Тут возникает научный вопрос: как вообще может иметь место такая связь и как в каждом отдельном случае определенное внутреннее содержание бывает связано с определенной чувственной воспринимаемой формой? То есть, если мы возьмем для примера архитектуру: по отношению к каждой отдельной эстетической форме должно быть выяснено, как она, подчиняясь внутренней закономерности своих сил, свободно от внешнего принуждения и внутренних противоречий приобретает этот свойственный ей вид. И каждое эстетическое целое должно быть понято из естественного развития и взаимодействия единых действующих во всем этом целом сил, с одной стороны, и из сил, которые более или менее самостоятельно проявляются в отдельных частях и подчиняются первым, — с другой. Здесь, как мы видим, возникает сложная задача для теории искусства, к разрешению которой она едва приступила. Она должна будет показать, почему всякий, даже самый маленький элемент формы, подчиняясь задачам целого и своим собственным целям, — почему он таков, а не другой.

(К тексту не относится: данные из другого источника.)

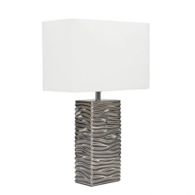 MiniSun Modern Silver Ripple Effect Ceramic Table Lamp with a White Light Shade

Эта задача, поскольку она относится к архитектоническим и родственным им формам, может быть названа задачей эстетической механики. И эта дисциплина, конечно, не сможет обойтись без математики.

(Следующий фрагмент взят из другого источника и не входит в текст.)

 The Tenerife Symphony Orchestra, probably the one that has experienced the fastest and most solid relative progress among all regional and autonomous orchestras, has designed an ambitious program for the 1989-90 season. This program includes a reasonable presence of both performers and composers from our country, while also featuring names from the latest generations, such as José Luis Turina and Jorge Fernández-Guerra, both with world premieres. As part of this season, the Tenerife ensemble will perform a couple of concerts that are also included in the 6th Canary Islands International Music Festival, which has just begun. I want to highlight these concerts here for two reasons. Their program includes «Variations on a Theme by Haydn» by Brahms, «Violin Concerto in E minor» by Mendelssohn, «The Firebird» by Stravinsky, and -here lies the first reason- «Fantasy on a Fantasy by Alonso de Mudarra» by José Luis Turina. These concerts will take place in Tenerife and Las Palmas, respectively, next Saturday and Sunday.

Тот, кто объяснит таким образом какую-нибудь индивидуальную форму, например форму сужения или расширения, сделает для эстетики и теории искусства больше описавшего какую-нибудь архитектурную постройку в поэтических выражениях.

 

IV. Виды прекрасного

 

 

Глубина эстетического чувства ценности может быть названа одним из его измерений. Рядом с ним стоят другие. Все вызывающее радость или горе может быть более или менее великим, значительным, импонирующим или же малым, ничтожным, незначительным. И этому различию соответствует различие чувств. Если радость, вызываемая великим, — эстетическая радость, то соответствующее чувство обращается в чувство внутренней мощи, в чувство возвышенного. Возвышенно то, в чем я чувствую себя внутренне великим, выделяющимся из среднего уровня.

Чувству возвышенного противоположно чувство веселого, легкого, играющего.

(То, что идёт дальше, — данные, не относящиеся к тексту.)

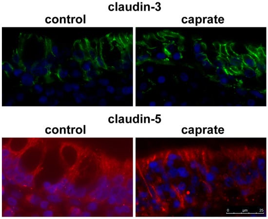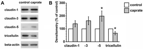 The study has shown that claudin-5 and tricellulin have been removed from bi- and tricellular TJ through caprate incubation []. TJ are apicolateral epithelial cell membrane contacts determining paracellular permeability [,,,]. Claudin-5 is classically regarded as a sealing claudin, since it increases barrier properties by effects on TER [,].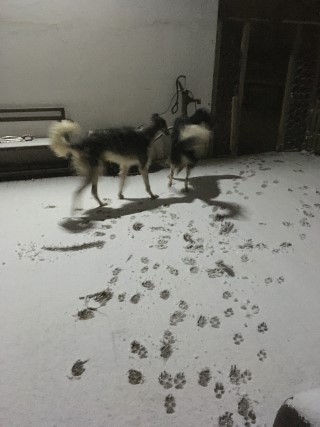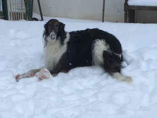 Doch jetzt, 20 vor 22:00 h, fängt es doch tatsächlich noch an zu schneien! Die Barsois freut das, und weg!!!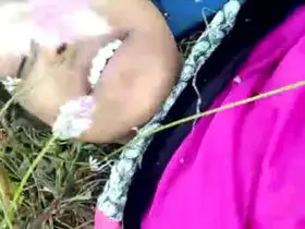 Outdoor scenery with a hairy and bushy private part with an Indian girl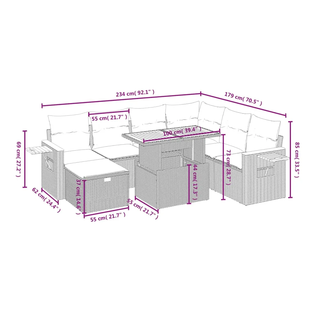 Cet ensemble de canapés de jardin est le complément parfait de votre arrière-cour, terrasse ou patio, offrant un espace confortable et accueillant pour discuter avec la famille et les amis ou simplement se détendre et profiter de l'extérieur. Matériau durable : la résine tressée, également connue sous le nom de poly rotin, est un matériau synthétique solide et nécessitant peu d'entretien qui ressemble au rotin naturel. Il est léger, facile à nettoyer et couramment utilisé pour les meubles d'extérieur en raison de sa durabilité et de ses propriétés de résistance aux intempéries.Dessus de table réglable : le dessus de table peut être soulevé pour rendre la table plus haute, ce qui transforme la table d'extérieur d'une table basse à une table de salle à manger. Elle est parfaite pour recevoir des invités ou prendre des repas à l'extérieur.Table d'appoint pratique : ce mobilier d'extérieur comprend une table d'appoint pliable avec un ressort à gaz sur les accoudoirs, offrant un endroit pratique pour garder vos essentiels à portée de main.Housse amovible et lavable : ces coussins de siège sont dotés de housses amovibles pour un lavage et un entretien faciles.Conception modulaire : cet ensemble de meubles d'extérieur a une conception modulaire, ce qui le rend complètement flexible et facile à déplacer, afin que vous puissiez créer un agencement de meubles d'extérieur personnalisé. Bon à savoir :Pour que vos meubles d'extérieur restent beaux, nous vous recommandons de les protéger avec une housse imperméable.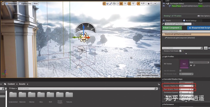 但如果可以用某种方法能够存储模型之间的距离信息,就可以花费更少的时间来实时计算这些所有的数据,而距离场阴影(Distance Shadow Maps)就是UE4中加速该过程的方法之一。使用距离场信息而非几何体信息实现超远距离的阴影,不是很精确但是消耗很低。但也是目前实用的方法,通过创建体积纹理(Volume Texture)用于阴影计算,纹理的分辨率决定了阴影的细节程度。通常情况下分辨率很低。仅能用来实现远距离的阴影。

Посреди этой противоположности стоит чувство изящного. Изящно то, что меня захватывает хотя и не насильно, но все же властно; то, что свободно от резкостей и угловатостей, от борьбы и внутренних споров; то, что пробуждает во мне с внутренней самоочевидностью и нестесняемой свободой внутреннюю активность.

Противоположность прекрасного — уродливое, как мы уже сказали, — является отрицанием жизни. Примером такого отрицания может служить слабость, пустота, вялость, тупость, внутреннее противоречие, диссонанс, хилость, разрушение.

Но в уродливом могут быть непосредственные моменты прекрасного. Это возможно, поскольку в нем есть что-либо положительное, какие-нибудь моменты силы или богатства. Но еще чаще уродливое служит красоте окольно. Оно служит приправой для нее, как, например, диссонанс в музыке. Иногда оно является основным фоном, на котором прекрасное тем ярче выделяется. Или же оно является необходимым условием прекрасного, его естественной почвой: есть цветы, которые растут на солнечных высотах жизни, но есть и такие, которые распускаются только в мрачных и глубоких низинах. Или же уродливое рассказывает нам свою «историю». Руины, например, рассказывают нам историю своей борьбы и сопротивления силам природы; они рассказывают нам о разрушающих и созидающих силах природы, ибо и на развалинах растет трава, кустарник, цветут цветы. Лохмотья, складки и морщины говорят нам о радостях, заботах и усилиях, говорят о человеческом труде. И, наконец, уродливое может быть именно тем, на чем и проявляется сила прекрасного, т. е. сила положительной жизни, которая борется с ним и его побеждает.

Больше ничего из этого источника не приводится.